One of the best way to learn about a failure is by looking at how it failed. Sometimes it is too costly to repeat the failure.In such cases Logs and Metrics will help you understand how was the system during the event. First thing after the event is to collect the logs and metrics.
Use divide and conquer approach. In the system, identify a range where the bug might be. The point where it crashed is the starting point, from there till the beginning of the system is the end point of investigation. Choose a half way and see if things look good. If things look good go towards crash. If things look bad go further away, that is next half. Do this until you find the exact issue point. Also during this search, we might find some small bugs. Fix them and restart the search, but do not get carried away and start fixing design and best practice issues.
During debugging, we are in the race to find the bug. So during that time, we either try to fail the system from good state to reproduce the issue or correct the system from failed state to find a fix. To do that, we modify the system by overwriting the variables, adding extra logic, updating inputs, etc.
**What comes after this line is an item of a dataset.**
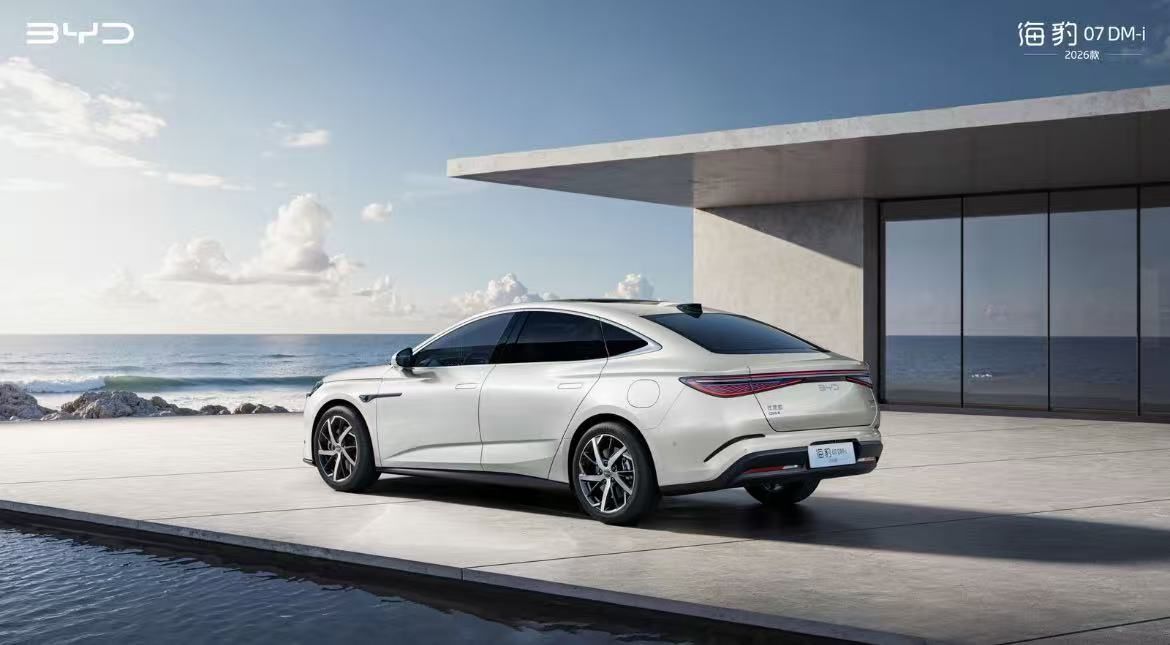 2026款海豹07DM-i 完美传承海洋网家族设计语言,将自然韵律与科技质感深度融合。前脸采用 “驭风斩浪” 造型,三条横向饰条构成的 “海浪无界格栅”呈“八”字形展开,搭配封闭式 EV 前脸,视觉上拉宽车身比例的同时彰显新能源身份。溜背式车顶线条从B柱顺滑延伸至车尾,与后备厢扰流板形成灵动夹角,配合海韵双侧腰线,将运动气息与优雅气质完美平衡。

All these things should be done in isolation and tested to see its affect. If the change is not giving any result, then it needs to be reverted back. Do single change at a time and revert it if it is having no affect.
Keep an audit trail detailing everything - time of events, steps of the event, components in the event, how each of the components interact, what was changed and what was observed. This would help in reproducing the error, analyze the failure and find the solutions for it.
During debugging, we make lot of assumptions. These assumptions should be documented. Always keep in mind, from time to time, these assumptions should be questioned - do they still hold. Otherwise there is a chance that it might lead to wrong results/conclusions.
Apart from assumptions, there are basic fundamentals which we usually assume to be true. Again verify those basic fundamentals.
It is never fixed until you know the root cause and prove it by removing the fix to reproduce it.
When we get stuck, not knowing what is going on, it is important to get a fresh view. We can choose one of these or a combination of them -
1. Talk to Krishna about my thoughts on the issue (Rubber Duck)
2. Talk to experienced person who knows about the environment or used the product a lot.
3. Talk to an expert who knows about the subject.